We need to differentiate the editor from the runtime as their execution context and needs are different. The Editor runs on desktop system that are often more powerful than the target hardware. It also manages source data that is in a format that is easier to manage. We currently use an open source allocator called MiMalloc. This allocator is fairly well documented on its official webpage: mi-malloc: mi-malloc

The runtime allocators are usually the Binned Malloc and the default selection (2 or 3) depends on the platform. Both allocators create pools that manage OS allocated pages. For small allocs (page size /2), the pages are subdivided into bins of constant size so similar size allocations are packed together. The allocator manages the state of the bins (allocated\free) so the behavior at the caller level is the same as classic allocations methods. When allocating, the allocator will look for a page configured with a size that fit the requirement from the call while reducing the waste. This operation is much faster than allocating from the OS as most system will incur extra cost related to virtual addressing. When the allocator cannot find a suitable bin, it simply allocates a new pages and configures it to the proper size. Those sizes are predefined in the headers of the different allocators. Freeing is greatly simplified as it only involves updating the state of the occupied bin. The empty pages are eventually returned to the system to avoid fragmenting the addressing space and running out of RAM.

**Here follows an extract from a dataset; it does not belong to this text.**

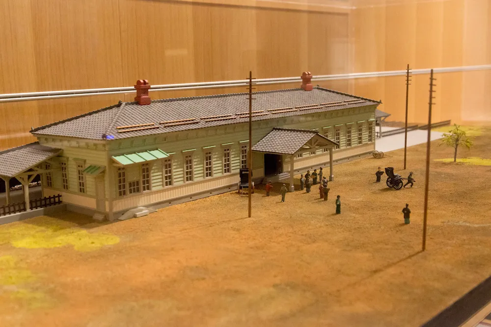 石川県立博物館に展示してあった当時の金沢駅のモデルにもその広見と駅のモデル、そして駅の間取りも展示されていたのでここで紹介しておく。先に紹介した駅の写真は白黒写真で駅の色がわからなかったが駅は薄い緑色だったようだ。屋根の煙突のような部分は赤色。かわいい明治の駅だったのだ。

Large allocations are treated similarly to normal allocations and can just end up being passed to the OS. There can be an extra allocation layer under the binned allocators to manage the pages as some system support up to 1MB. This is defined in CachedOSPageAllocator.h\cpp and add a layer of optimization. The ultimate goal is to reduce the pressure on the OS by reducing the amount of memory related operations since the pooling\caching allows to reuse memory without having to return it to the OS.

The biggest problem that often forces our licensees to use the ANSI allocator is usage of external libraries that rely on DLLs. The engine’s code structure make it that all the standard allocation tokens (New\Delete, Malloc\Realloc\Free) are overloaded and redirected to the engine’s allocator. This creates an incompatibility between the memory allocated by the engine and the memory allocated by the DLL since the memory is not managed the same way. Some libraries allows to inject custom memory management functions and won’t require the usage of the Ansi allocator to be compatible with Unreal.

Regards,

Martin

[Attachment Removed]

[mention removed]​ Is there a way to have the 3rd party DLLs still use the ANSI allocator, and for UE to still use its native?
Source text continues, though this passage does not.